■ AIM OF THE EXERCISE: From the material below, copy exactly the lines beginning with the one that contains "PVC koleno 90" and ending with the one that contains "Did you know"; the pictures stay out.

■ MATERIAL FOR THE TASK:
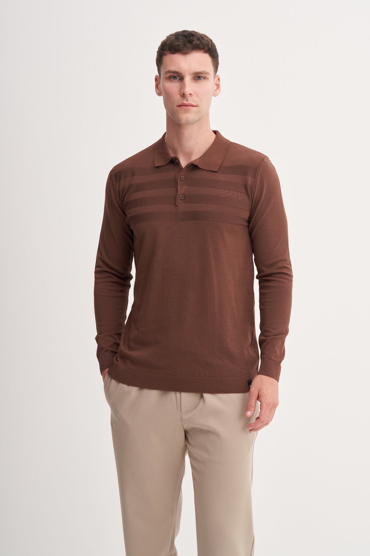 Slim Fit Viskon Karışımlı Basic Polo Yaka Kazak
==
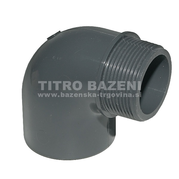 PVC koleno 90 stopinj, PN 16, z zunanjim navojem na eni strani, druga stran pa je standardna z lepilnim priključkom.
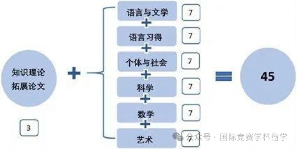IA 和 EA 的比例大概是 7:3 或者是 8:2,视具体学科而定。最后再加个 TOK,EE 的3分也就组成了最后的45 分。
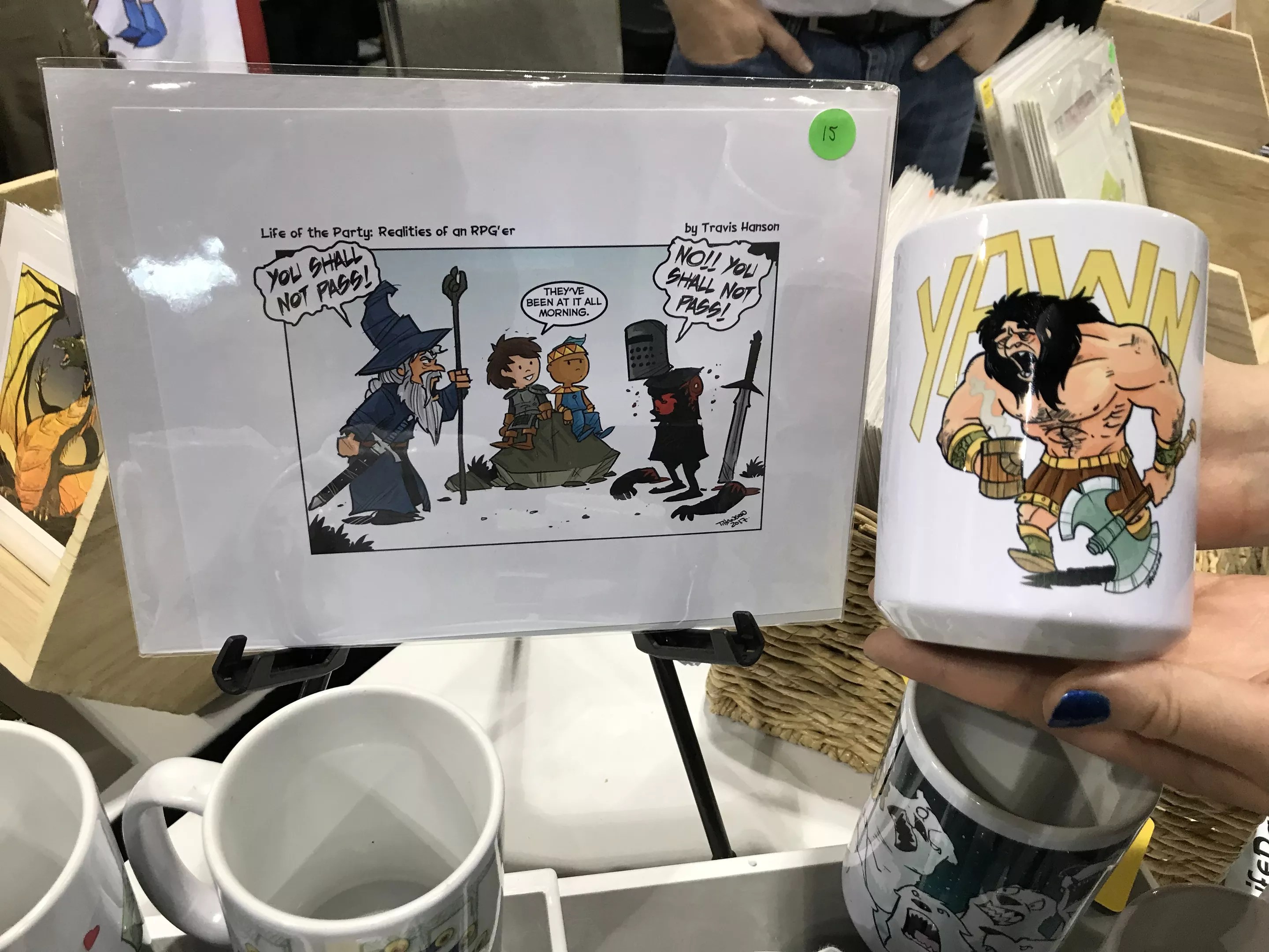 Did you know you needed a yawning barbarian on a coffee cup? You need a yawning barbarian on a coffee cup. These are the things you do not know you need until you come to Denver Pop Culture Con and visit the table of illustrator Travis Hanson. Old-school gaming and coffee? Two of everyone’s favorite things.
--
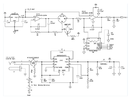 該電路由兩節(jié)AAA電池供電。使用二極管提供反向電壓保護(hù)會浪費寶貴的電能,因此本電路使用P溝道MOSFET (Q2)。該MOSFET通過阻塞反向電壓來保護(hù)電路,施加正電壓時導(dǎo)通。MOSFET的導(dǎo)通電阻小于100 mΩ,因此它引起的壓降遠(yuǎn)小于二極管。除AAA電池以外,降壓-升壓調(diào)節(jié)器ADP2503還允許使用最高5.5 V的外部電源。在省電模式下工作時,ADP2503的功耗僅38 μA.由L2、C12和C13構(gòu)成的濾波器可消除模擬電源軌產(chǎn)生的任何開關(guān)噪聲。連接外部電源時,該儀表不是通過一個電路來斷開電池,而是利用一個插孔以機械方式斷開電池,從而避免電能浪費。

■ ANSWER BOX:
 PVC koleno 90 stopinj, PN 16, z zunanjim navojem na eni strani, druga stran pa je standardna z lepilnim priključkom.
IA 和 EA 的比例大概是 7:3 或者是 8:2,视具体学科而定。最后再加个 TOK,EE 的3分也就组成了最后的45 分。
 Did you know you needed a yawning barbarian on a coffee cup? You need a yawning barbarian on a coffee cup. These are the things you do not know you need until you come to Denver Pop Culture Con and visit the table of illustrator Travis Hanson. Old-school gaming and coffee? Two of everyone’s favorite things.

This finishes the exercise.